Can you imagine? said his father. The bodies, the horses. This would have been bodies as far as the eye can see. But no, Lucius couldn’t imagine, then.
At the March River, the railway turned north, leaving the floodplain, and the land began to rise.
It was noon when they reached the border. At Břeclav, once Lundenburg, the train was boarded by Czechoslovakian police wearing old Habsburg uniforms, the imperial insignias torn from their epaulets. They had an air of make-believe, as if they were imperial officers playing officers of the free nation of Czechoslovakia. They stopped briefly in the compartment and collected passports, though neither the passengers nor the policemen seemed to know what for. Lucius thought briefly of his father’s revolver in his rucksack on the rack above him, the stories of militiamen, the shifting loyalties, now wondering what the police would think.
They didn’t check.
Beyond the city, the fields gave way to forests. The Morava appeared, dark blue and beaded with little hamlets. Barges moved in the distance. Across from him, the young man and his pregnant wife began to eat a pungent sandwich of egg and onion. The domesticity of the scene seemed almost impossible against the knowledge that within hours they would be entering territory once wracked by war, but with the warmth, he soon found himself beginning to doze off.
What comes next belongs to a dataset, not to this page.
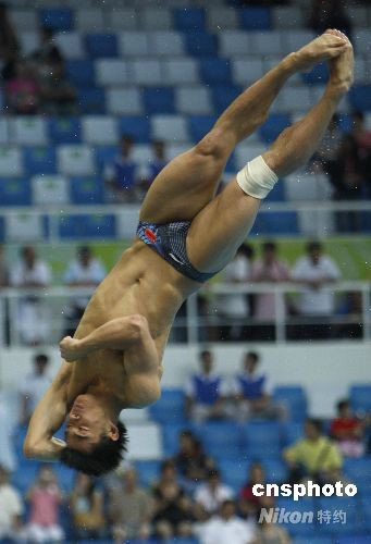 8月19日晚,在國家游泳中心“水立方”進(jìn)行的北京奧運(yùn)會(huì)男子3米跳板決賽中,中國選手何沖以572.90分奪得金牌,中國代表團(tuán)金牌總數(shù)增至43枚。 中新社發(fā) 杜洋 攝

It was evening when they crossed the Oder, and night when they entered Bohumín.
In the Bohumín station, he was told the train to Lwów would be leaving in the early morning.
He left to look for lodging. It was hot, and the air was heavy with smoke from factories flanking the track. An oily film seemed to coat the buildings, the peddlers with their carts of pears and leeks, a pair of skinny horses who fought their bridles at the entrance to a dry goods shop. There were beggars everywhere; only seven months of independence, and already it had the air of a frontier town, the sense that things had been pushed there only to get stuck, like the detritus gathering at the corner of a wall.